Europe desires a fundamentally disinterested protector, but the European countries better realize that America’s unwillingness to provide that security will continue to grow, writes Jeremy Shapiro in this insightful piece in [War On The Rocks] [WTHR link]:

But presidential incompetence and the public’s lack of interest is a weak foundation on which to build a durable foreign policy. The disinterested nature of America’s security relationship with Europe means that its commitment to the continent is usually first in line for the foreign policy chopping block. For a public that wants to put America first, it is particularly hard to explain why America should protect a relatively stable continent of rich democracies. Trump has made a lot of rhetorical hay out of Europe’s freeriding on America. Neither the American foreign policy establishment nor their European allies have found an effective political counter-argument.

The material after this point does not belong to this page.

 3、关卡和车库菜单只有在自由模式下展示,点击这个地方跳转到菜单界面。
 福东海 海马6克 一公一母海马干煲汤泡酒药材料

All of this creates a deep challenge for Europe. Europe has an intense strategic and psychological dependence on the United States, yet Trump’s America, and arguably any future America, is both uninterested in, and unable to fulfill, its traditional role in Europe.

The states of Europe should be preparing for that day. But, as the mild reaction to the radical Trump presidency shows, internal divisions mean that by and large they are not. For all the upsetting changes in America and Russia, for all the crises that have rocked Europe in the last several years, and for all the destabilizing developments in Europe’s neighborhood, E.U. member states clearly prefer the old bargain that has served them so well. For the most part, they will cling to it until its demise becomes clearer than truth. In the meantime, no one will block Trump’s photo opportunity at the next NATO summit.

In my story about the Danish submarine debate I described how Danish rear admiral Wang and German commodore Reineke expressed fundamentally different expectations about the probable American support in case of a regional conflict in the Baltic Area:

Wang’s argument was that […] Denmark would […] find itself in a position where the navy must play the offensive role in a mission to escort troops to the Baltic states under the support of allied forces counting several carrier strike groups located in the North Sea. […]

[T]he German point of view was that the regional powers must be prepared to manage a conflict in the Baltic Sea without external support from allies.

Jeremy Shapiro’s argument supports the German position.